### TASK INSTRUCTIONS
Return the first line of the listing below and all the lines after it through the one containing "Oryginalny gołąb z", exactly, without pictures.

### COLLECTED MATERIAL
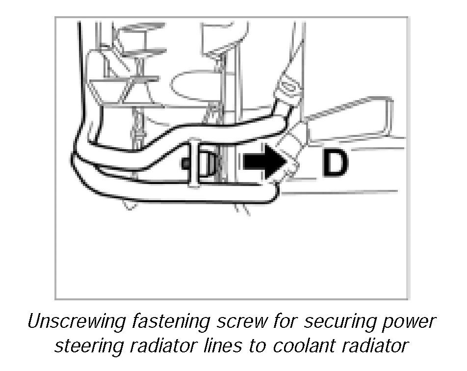 4. Unscrew the fastening screw -D- (left direction of travel) for securing power steering radiator lines to coolant radiator.
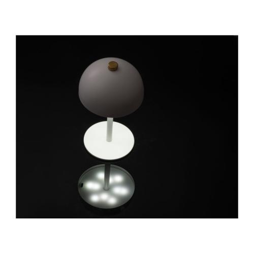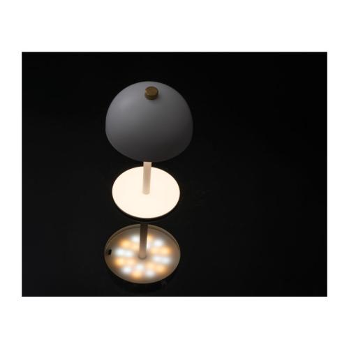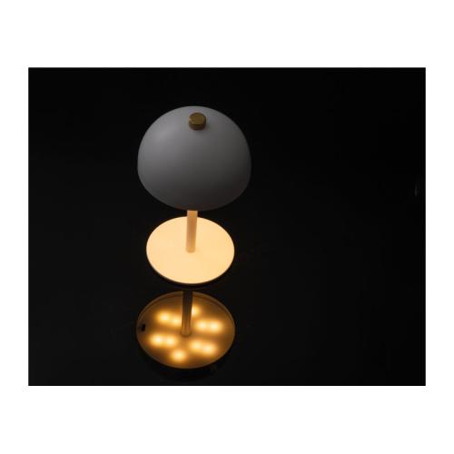 Stainless steel table lamp in the shape of a mushroom with rechargeable battery (1200 mAh output) and 20 LEDs. The lamp is infinitely dimmable and the light colour can be changed between warm, cold and natural light. Incl. C-type charging cable.
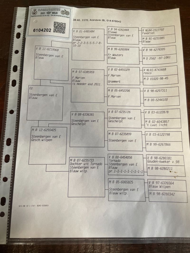 Oryginalny gołąb z hodowli Eric Van Steenbergen
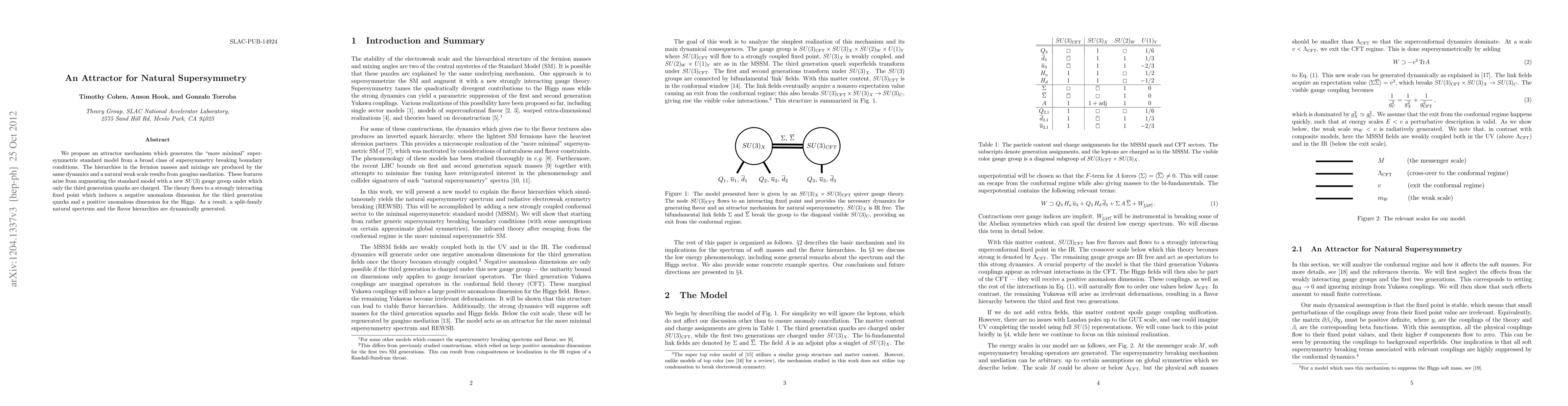 We propose an attractor mechanism which generates the "more minimal" supersymmetric standard model from a broad class of supersymmetry breaking boundary conditions. The hierarchies in the fermion masses and mixings are produced by the same dynamics and a natural weak scale results from gaugino mediation. These features arise from augmenting the standard model with a new SU(3) gauge group under which only the third generation quarks are charged. The theory flows to a strongly interacting fixed point which induces a negative anomalous dimension for the third generation quarks and a positive anomalous dimension for the Higgs. As a result, a split-family natural spectrum and the flavor hierarchies are dynamically generated.

### ANSWER TO THIS EXERCISE
 4. Unscrew the fastening screw -D- (left direction of travel) for securing power steering radiator lines to coolant radiator.
 Stainless steel table lamp in the shape of a mushroom with rechargeable battery (1200 mAh output) and 20 LEDs. The lamp is infinitely dimmable and the light colour can be changed between warm, cold and natural light. Incl. C-type charging cable.
 Oryginalny gołąb z hodowli Eric Van Steenbergen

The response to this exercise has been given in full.